# [WHAT IS BEING ASKED]
Shown below are entries with pictures; the line with "A third-party inspection" through the line with "元素其他信息不再做解释说明,合并主模型通" is the span to retype exactly, and the pictures stay out.

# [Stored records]
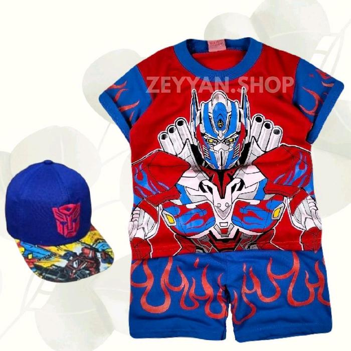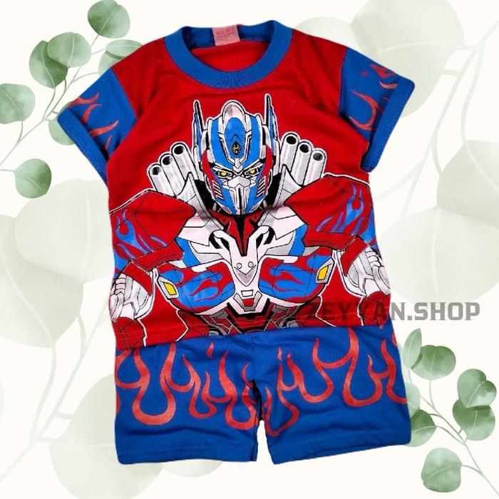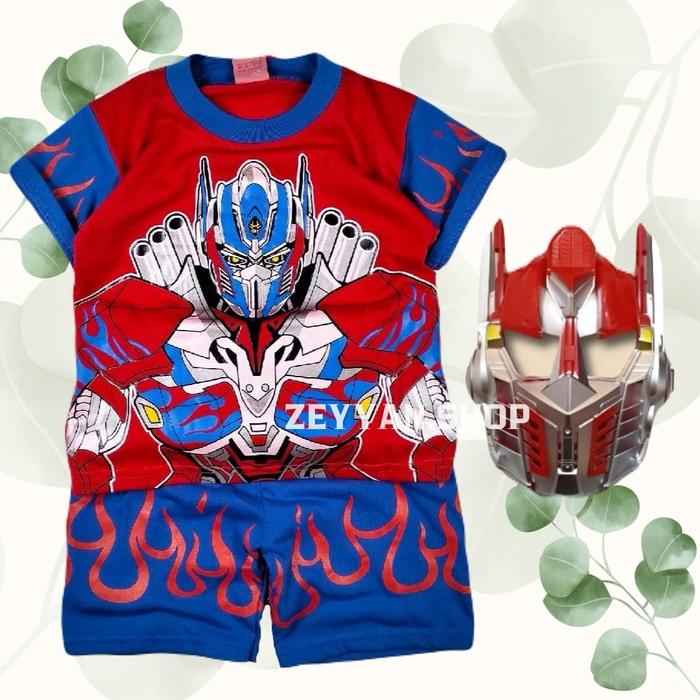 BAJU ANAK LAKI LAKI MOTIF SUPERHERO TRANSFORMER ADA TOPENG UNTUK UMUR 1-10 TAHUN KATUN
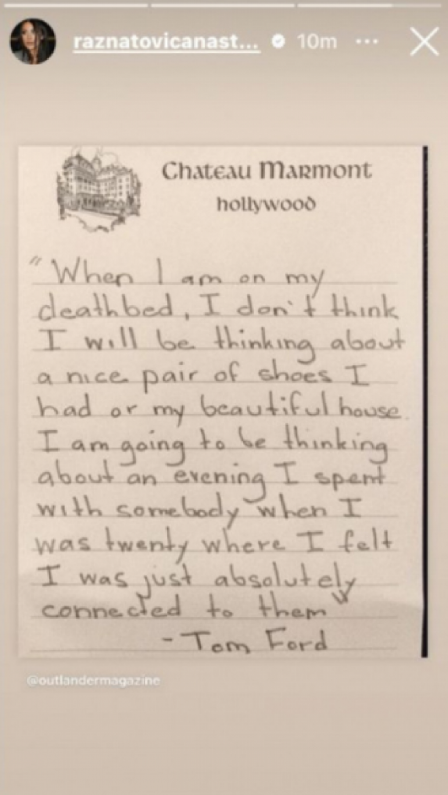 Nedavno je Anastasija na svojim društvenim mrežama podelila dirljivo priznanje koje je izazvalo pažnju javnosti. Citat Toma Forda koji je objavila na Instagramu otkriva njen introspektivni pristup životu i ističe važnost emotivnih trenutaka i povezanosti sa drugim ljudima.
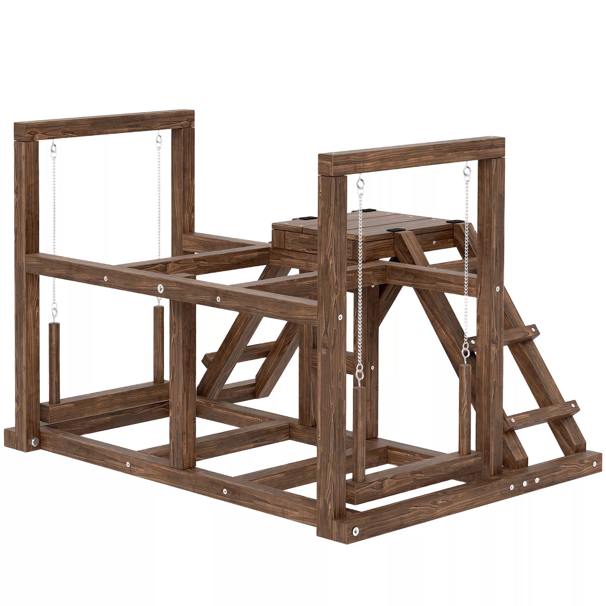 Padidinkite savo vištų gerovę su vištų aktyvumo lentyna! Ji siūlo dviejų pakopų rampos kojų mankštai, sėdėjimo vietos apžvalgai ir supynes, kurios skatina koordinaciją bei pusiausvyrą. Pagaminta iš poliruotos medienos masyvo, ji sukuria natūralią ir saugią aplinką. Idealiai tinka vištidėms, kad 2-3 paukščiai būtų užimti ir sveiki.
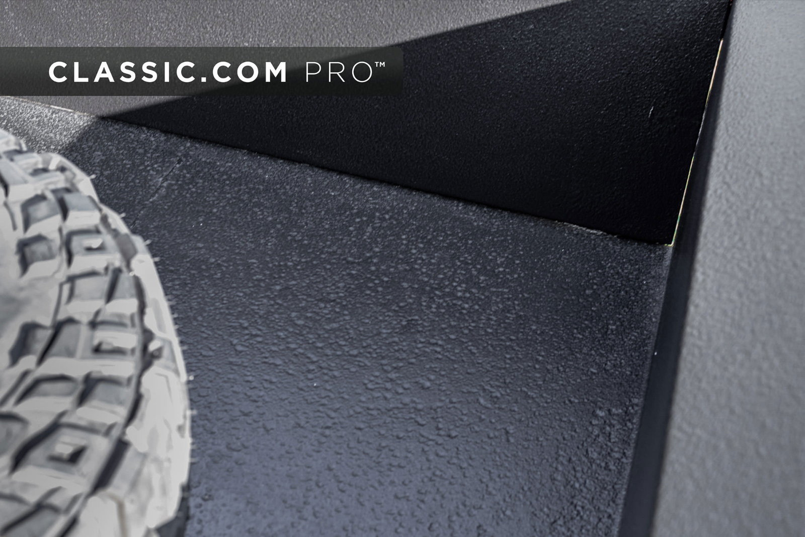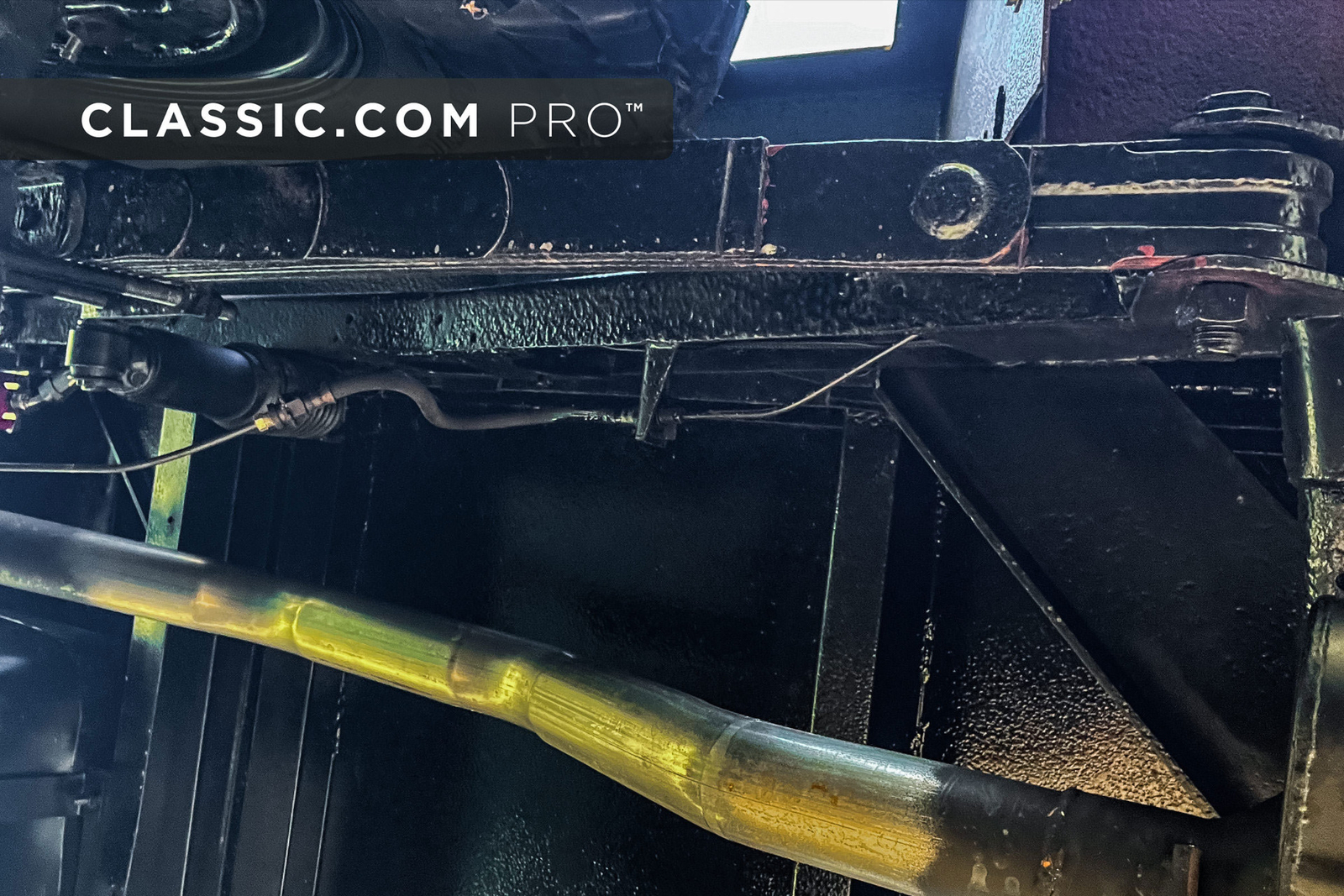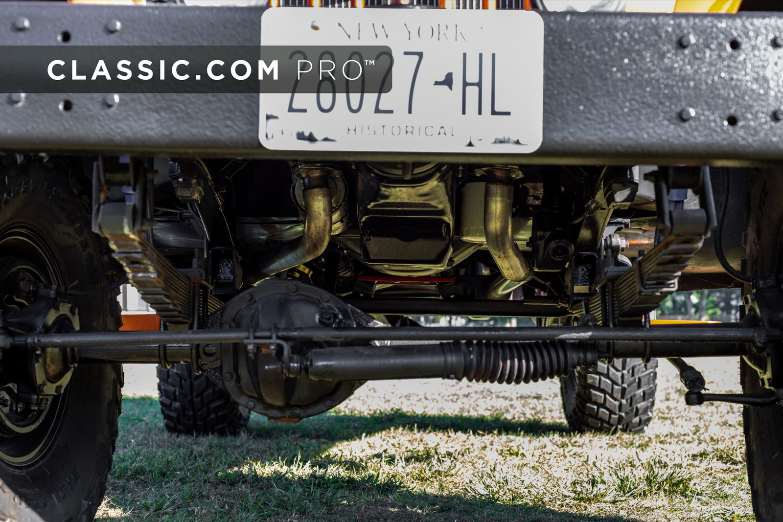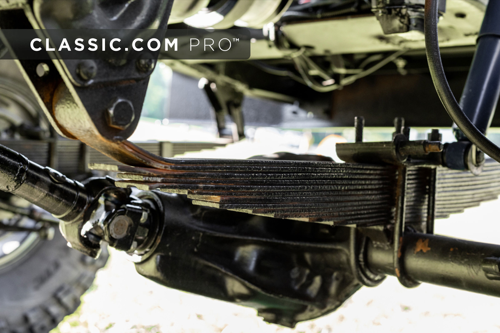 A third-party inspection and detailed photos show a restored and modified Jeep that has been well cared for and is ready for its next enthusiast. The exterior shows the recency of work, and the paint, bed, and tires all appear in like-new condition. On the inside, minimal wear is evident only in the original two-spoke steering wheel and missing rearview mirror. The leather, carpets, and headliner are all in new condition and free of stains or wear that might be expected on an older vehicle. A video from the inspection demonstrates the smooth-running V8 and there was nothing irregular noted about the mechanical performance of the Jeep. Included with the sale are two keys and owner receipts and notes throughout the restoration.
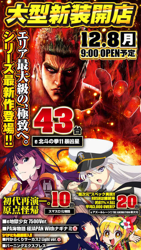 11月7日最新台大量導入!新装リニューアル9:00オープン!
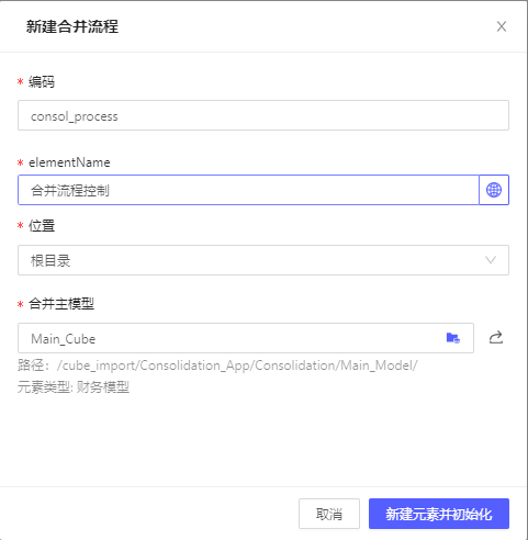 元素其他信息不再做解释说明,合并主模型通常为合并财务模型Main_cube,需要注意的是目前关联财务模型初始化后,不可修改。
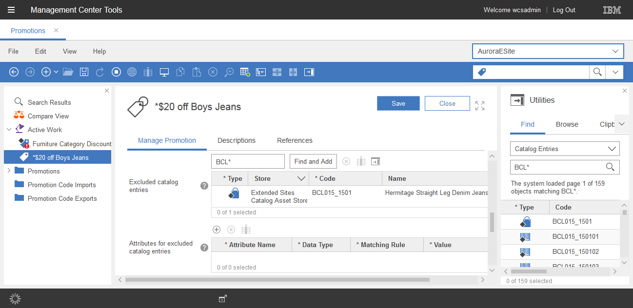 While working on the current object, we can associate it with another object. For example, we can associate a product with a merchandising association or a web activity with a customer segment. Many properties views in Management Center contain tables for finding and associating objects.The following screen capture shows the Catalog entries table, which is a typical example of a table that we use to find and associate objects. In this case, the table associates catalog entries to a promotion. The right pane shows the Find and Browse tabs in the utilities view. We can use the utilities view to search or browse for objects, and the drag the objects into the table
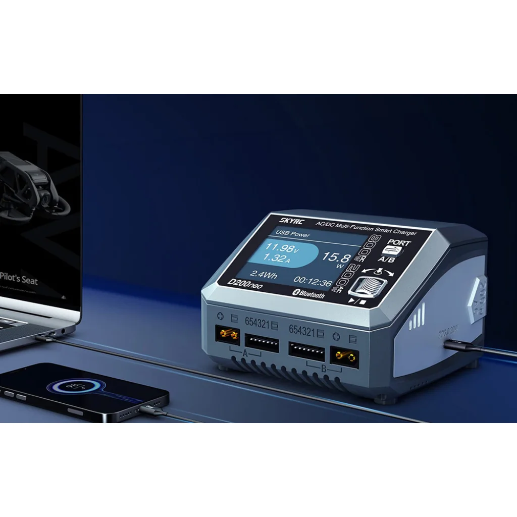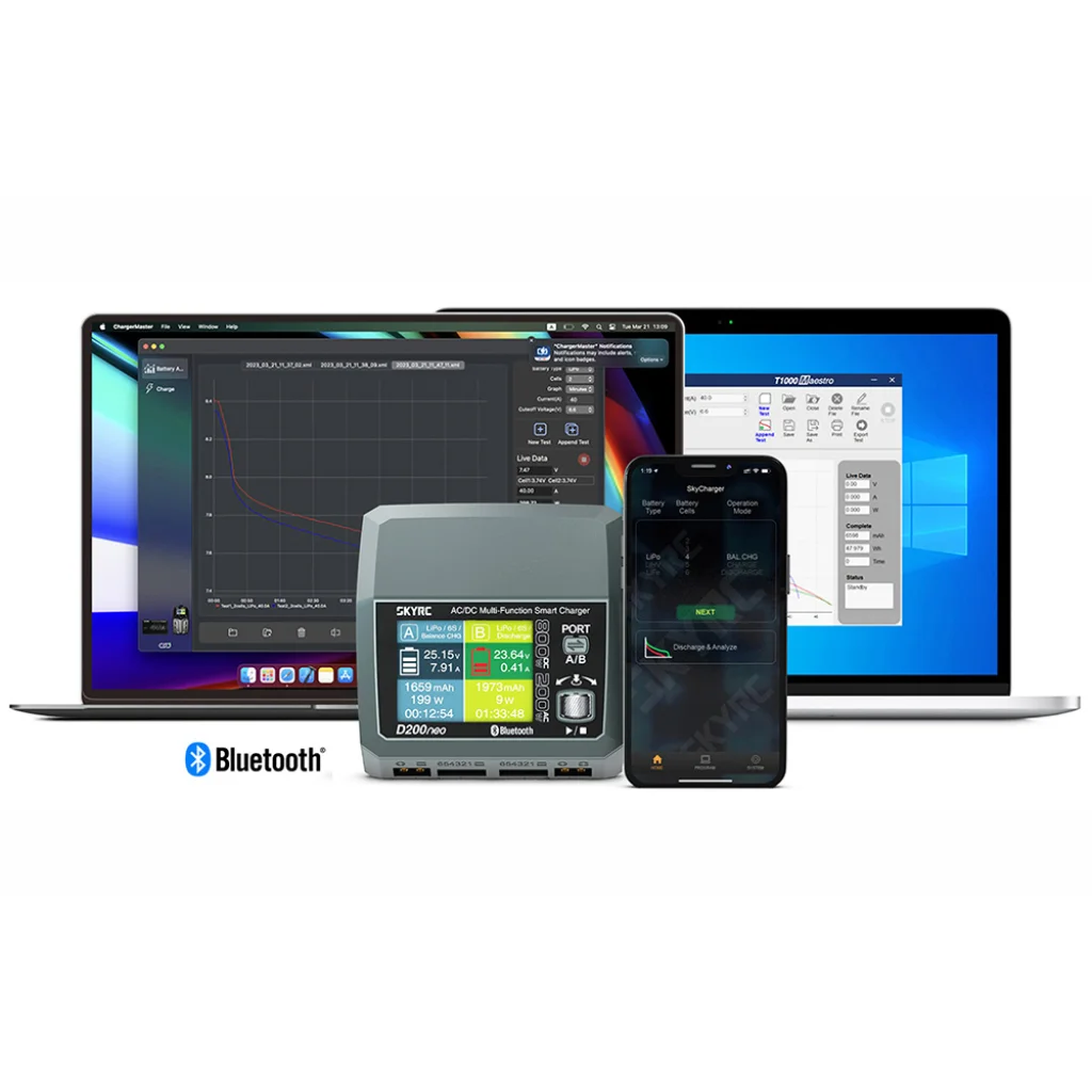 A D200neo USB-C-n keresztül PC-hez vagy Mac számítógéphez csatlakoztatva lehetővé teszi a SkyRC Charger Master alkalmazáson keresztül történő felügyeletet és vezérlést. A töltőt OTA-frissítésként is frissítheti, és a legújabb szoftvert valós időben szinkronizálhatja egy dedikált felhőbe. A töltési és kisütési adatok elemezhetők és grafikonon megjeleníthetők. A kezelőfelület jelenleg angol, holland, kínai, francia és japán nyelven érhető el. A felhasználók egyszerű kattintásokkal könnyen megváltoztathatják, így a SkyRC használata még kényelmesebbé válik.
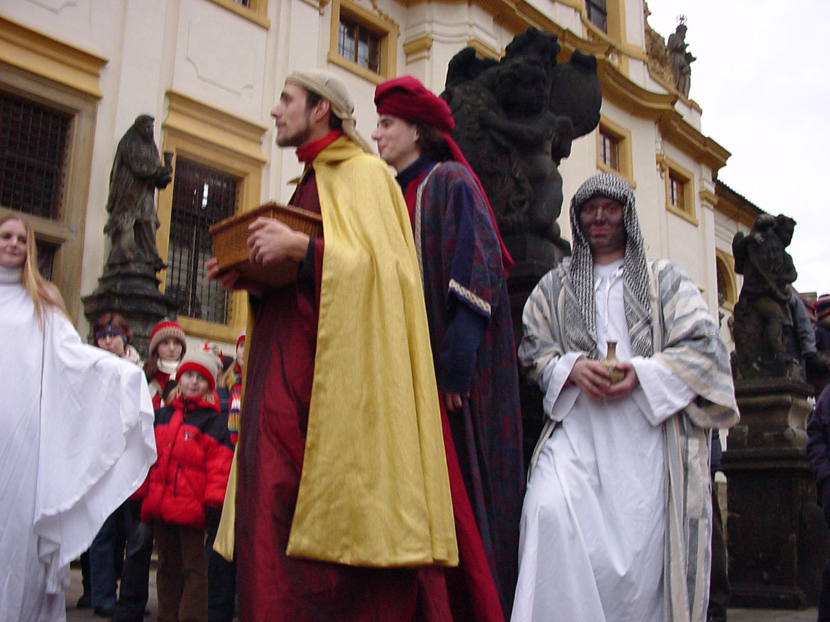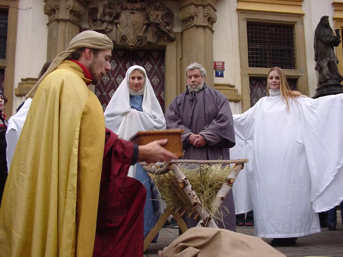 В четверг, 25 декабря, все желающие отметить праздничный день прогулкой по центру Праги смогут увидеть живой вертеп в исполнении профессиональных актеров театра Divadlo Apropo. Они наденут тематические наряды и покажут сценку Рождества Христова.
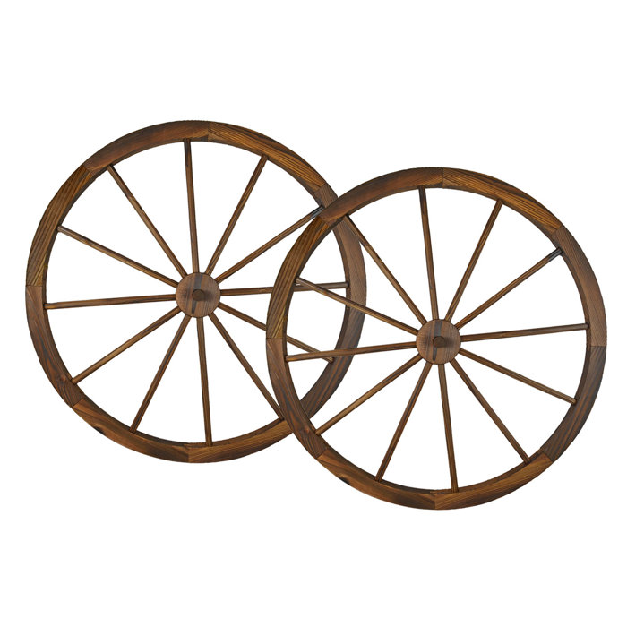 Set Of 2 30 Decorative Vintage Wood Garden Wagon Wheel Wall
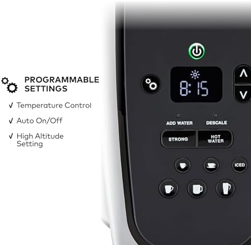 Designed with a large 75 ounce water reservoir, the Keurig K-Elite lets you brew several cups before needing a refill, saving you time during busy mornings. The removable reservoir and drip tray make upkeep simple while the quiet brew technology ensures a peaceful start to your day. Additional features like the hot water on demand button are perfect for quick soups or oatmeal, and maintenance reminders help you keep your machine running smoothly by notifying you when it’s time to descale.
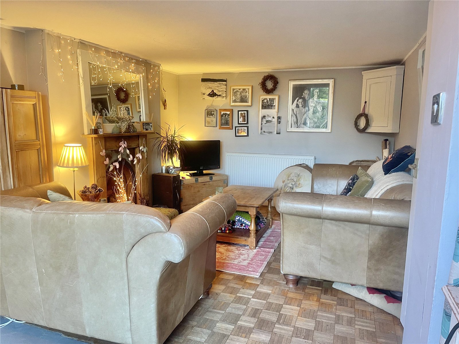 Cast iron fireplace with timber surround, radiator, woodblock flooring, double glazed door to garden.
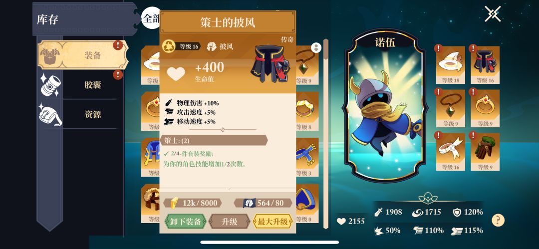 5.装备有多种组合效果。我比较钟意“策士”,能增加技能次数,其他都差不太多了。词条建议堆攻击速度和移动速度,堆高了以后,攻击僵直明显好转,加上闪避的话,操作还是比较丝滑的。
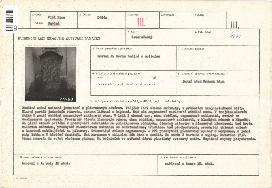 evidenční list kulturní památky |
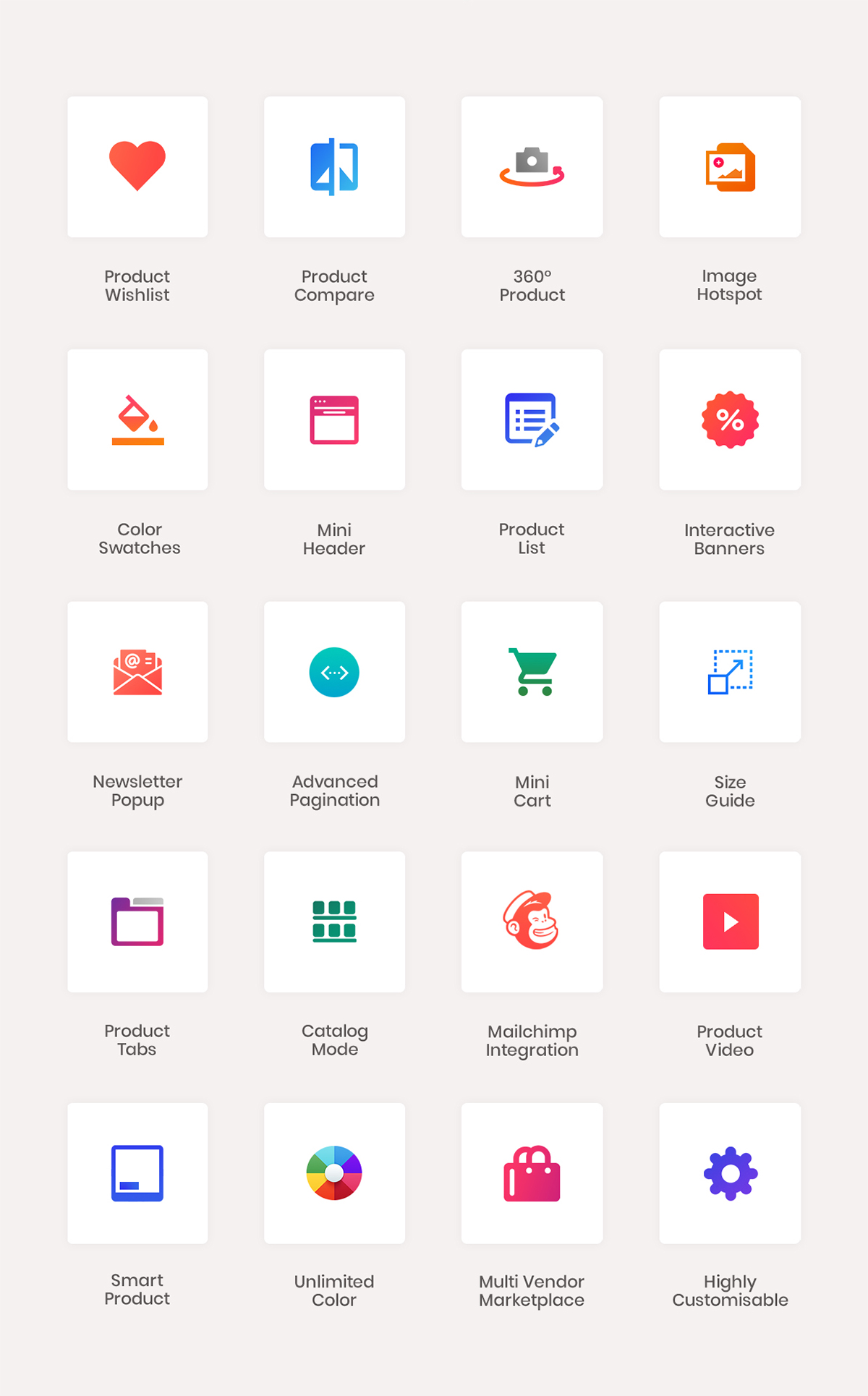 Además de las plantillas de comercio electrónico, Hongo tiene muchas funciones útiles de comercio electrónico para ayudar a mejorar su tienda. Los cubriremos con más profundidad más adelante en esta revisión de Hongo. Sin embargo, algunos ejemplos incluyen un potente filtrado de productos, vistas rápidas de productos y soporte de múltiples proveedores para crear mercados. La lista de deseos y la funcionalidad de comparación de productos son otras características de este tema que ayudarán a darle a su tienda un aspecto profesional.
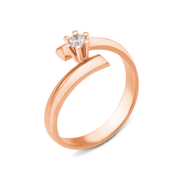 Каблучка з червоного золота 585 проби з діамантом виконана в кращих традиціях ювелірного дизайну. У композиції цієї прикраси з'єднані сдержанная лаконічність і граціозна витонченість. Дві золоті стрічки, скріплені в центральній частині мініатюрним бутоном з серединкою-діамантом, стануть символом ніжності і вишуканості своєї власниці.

# [ANSWER TO THIS TASK]
 A third-party inspection and detailed photos show a restored and modified Jeep that has been well cared for and is ready for its next enthusiast. The exterior shows the recency of work, and the paint, bed, and tires all appear in like-new condition. On the inside, minimal wear is evident only in the original two-spoke steering wheel and missing rearview mirror. The leather, carpets, and headliner are all in new condition and free of stains or wear that might be expected on an older vehicle. A video from the inspection demonstrates the smooth-running V8 and there was nothing irregular noted about the mechanical performance of the Jeep. Included with the sale are two keys and owner receipts and notes throughout the restoration.
 11月7日最新台大量導入!新装リニューアル9:00オープン!
 元素其他信息不再做解释说明,合并主模型通常为合并财务模型Main_cube,需要注意的是目前关联财务模型初始化后,不可修改。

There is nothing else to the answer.